No conteste, quería que pasara obvio pero no sabía que decir, así que solo esperé a que entrara al baño, dejo el bastón en la entrada y se dirigió al baño, la cortina era transparente así que ví que estaba parado viendo, agarrándose el paquete duro que tenía dentro de su pantalón, no decía nada, así que tome mi toalla empecé a secarme, abrí la cortina y me dijo

-que ricas tienes las chichis, déjame comerte las, yo solo me quite la toalla y abrí las manos, el viejo se me dejó ir me chupaba los pechos desesperado, empezaba a tocar mis nalgas, y me dijo que yo me veía como un ángel, pero en realidad era una puta, eso me calentó muchísimo, así que le quise regresar el cumplido le empecé a abrir el pantalón y le saque la verga y se la empecé a chupar, la tenía grande, blanca y la cabeza rosita, casi sin venas, después me paro y me voltio, me agachó y me la empezó a meter, era lo que en esos dos días tanto esperaba, así que solo me deje llevar por las estampadas, el viejo estaba lujurioso, empezó a darme más duro, hasta que sentí como su leche empezaba a escurrir entre mis piernas, yo estaba al mil, aún quería más, pero entendía que el señor ya era de edad y tal vez no podría con uno más, así que empecé a masturbarme delante de él, el me quitó la mano, y empezó a masturbarme él, lo hacía delicioso, a pensar de ser un señor y de trabajar con madera sus dedos eran muy suaves y firmes, después de un rato masturbandome se le volvió a parar, me dijo que me fuera ala cama, obedecí y me acosté para hacerlo de misionero, el se acercó a la cama, y me dijo que se la chupara, y así lo hice, después me dijo que lo dejara acostar a el abajo, así que le dí espacio para que se acostara, y lo monte, no pasó mucho tiempo de darle unos sentones, cuando sentí que me venía, fue riquísimo terminar juntos, le llene su estómago de mis líquidos y de su leche, el viejo escucho ruido afuera y se salió de mi cuarto.

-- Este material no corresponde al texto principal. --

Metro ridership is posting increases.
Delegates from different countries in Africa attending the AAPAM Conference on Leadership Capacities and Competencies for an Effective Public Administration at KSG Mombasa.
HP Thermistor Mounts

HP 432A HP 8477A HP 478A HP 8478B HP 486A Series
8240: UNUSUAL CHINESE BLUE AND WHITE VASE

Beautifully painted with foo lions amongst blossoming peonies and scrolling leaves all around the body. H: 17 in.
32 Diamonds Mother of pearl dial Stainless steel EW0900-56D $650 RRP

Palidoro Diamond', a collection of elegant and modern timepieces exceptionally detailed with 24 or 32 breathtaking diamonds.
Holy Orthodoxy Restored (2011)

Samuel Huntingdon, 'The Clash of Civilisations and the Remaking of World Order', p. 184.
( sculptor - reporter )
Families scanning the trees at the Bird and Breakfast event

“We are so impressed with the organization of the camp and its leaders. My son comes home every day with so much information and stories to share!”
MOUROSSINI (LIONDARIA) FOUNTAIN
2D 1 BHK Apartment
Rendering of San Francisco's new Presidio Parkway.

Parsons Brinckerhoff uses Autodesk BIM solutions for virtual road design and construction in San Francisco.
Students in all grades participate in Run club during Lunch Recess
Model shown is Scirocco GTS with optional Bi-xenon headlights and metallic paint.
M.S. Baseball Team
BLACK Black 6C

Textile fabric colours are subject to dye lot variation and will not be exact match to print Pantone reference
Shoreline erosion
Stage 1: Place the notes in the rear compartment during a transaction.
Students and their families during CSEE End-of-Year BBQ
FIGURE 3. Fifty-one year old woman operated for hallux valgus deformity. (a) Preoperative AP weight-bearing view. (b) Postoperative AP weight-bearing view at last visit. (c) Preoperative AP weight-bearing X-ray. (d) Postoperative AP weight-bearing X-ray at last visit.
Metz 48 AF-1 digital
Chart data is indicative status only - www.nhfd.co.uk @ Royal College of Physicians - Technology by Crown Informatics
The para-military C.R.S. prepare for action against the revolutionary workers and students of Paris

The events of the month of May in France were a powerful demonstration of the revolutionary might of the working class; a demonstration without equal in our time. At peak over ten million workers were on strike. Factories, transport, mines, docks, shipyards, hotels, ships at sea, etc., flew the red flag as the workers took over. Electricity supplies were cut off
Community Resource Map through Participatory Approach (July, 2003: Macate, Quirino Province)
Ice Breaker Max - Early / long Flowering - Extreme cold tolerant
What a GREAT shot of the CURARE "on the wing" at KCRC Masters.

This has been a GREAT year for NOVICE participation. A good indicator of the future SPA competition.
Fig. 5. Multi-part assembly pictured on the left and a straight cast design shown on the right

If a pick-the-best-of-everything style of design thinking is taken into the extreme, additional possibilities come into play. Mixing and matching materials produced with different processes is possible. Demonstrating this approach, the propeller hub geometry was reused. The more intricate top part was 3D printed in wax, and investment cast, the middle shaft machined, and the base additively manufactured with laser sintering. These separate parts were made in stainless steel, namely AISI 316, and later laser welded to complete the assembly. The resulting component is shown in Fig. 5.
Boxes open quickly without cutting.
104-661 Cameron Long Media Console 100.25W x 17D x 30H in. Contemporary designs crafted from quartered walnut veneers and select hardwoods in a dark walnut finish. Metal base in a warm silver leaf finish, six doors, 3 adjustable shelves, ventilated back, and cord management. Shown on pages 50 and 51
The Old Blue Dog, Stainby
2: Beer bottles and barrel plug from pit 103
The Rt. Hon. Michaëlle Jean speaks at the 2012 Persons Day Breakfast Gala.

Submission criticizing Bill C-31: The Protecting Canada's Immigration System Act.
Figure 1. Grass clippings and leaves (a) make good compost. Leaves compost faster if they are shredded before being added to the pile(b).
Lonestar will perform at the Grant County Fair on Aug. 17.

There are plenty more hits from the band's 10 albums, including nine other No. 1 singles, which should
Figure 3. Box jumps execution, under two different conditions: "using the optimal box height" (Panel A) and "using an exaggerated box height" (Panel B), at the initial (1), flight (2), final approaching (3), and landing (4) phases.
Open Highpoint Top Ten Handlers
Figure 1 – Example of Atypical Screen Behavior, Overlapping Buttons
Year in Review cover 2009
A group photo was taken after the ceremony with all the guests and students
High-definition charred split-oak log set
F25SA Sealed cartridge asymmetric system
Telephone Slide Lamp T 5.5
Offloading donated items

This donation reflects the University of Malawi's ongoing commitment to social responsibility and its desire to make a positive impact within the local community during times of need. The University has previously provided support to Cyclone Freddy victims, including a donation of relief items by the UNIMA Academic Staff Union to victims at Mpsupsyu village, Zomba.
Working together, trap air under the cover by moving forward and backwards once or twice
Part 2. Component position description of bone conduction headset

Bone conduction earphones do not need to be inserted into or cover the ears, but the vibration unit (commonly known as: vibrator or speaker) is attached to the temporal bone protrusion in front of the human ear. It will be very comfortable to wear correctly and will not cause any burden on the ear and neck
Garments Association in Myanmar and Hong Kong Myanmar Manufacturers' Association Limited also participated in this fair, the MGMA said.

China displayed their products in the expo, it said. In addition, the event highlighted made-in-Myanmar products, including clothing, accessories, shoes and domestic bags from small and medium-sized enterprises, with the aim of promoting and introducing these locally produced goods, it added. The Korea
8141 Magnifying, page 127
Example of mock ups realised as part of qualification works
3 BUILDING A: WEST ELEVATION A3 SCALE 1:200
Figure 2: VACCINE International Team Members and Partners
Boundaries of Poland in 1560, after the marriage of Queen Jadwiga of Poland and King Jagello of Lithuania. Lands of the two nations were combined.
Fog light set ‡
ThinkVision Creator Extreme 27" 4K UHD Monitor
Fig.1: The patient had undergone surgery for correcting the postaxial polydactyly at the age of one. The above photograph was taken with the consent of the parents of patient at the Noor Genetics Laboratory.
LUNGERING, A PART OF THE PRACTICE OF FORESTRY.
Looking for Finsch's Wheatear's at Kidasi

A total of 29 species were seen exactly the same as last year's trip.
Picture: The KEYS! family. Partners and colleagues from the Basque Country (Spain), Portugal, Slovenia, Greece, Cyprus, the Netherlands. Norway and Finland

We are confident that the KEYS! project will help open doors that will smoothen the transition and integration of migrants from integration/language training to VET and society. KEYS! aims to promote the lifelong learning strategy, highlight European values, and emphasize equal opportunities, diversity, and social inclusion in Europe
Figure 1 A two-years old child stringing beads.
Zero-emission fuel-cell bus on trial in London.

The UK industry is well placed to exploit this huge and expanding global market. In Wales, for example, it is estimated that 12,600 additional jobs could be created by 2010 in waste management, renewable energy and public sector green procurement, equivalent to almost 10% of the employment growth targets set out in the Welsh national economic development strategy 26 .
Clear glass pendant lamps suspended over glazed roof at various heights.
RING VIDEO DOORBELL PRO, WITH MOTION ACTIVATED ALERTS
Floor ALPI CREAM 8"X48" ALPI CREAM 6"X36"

Yo volví a meter al baño, y cuando salí ya no estaba, pasaron como 10 días, y no lo veía para nada, ya me estaba preocupando, pero después del fin de semana pasado que regrese de un viaje, me lo volví a encontrar, sentado en el mismo lugar volteando a mi ventana, está vez solo abrí la cortina de mi ventana, me desnude y lo espere en mi cama, entro y sin decir una sola palabra, se dejó ir hacia mi cuerpo con la misma lujuria, el mismo deseo del primer día, cogimos delicioso, me puso en 4 y termino en mis nalgas, con su leche blanca y espesa, que me facina...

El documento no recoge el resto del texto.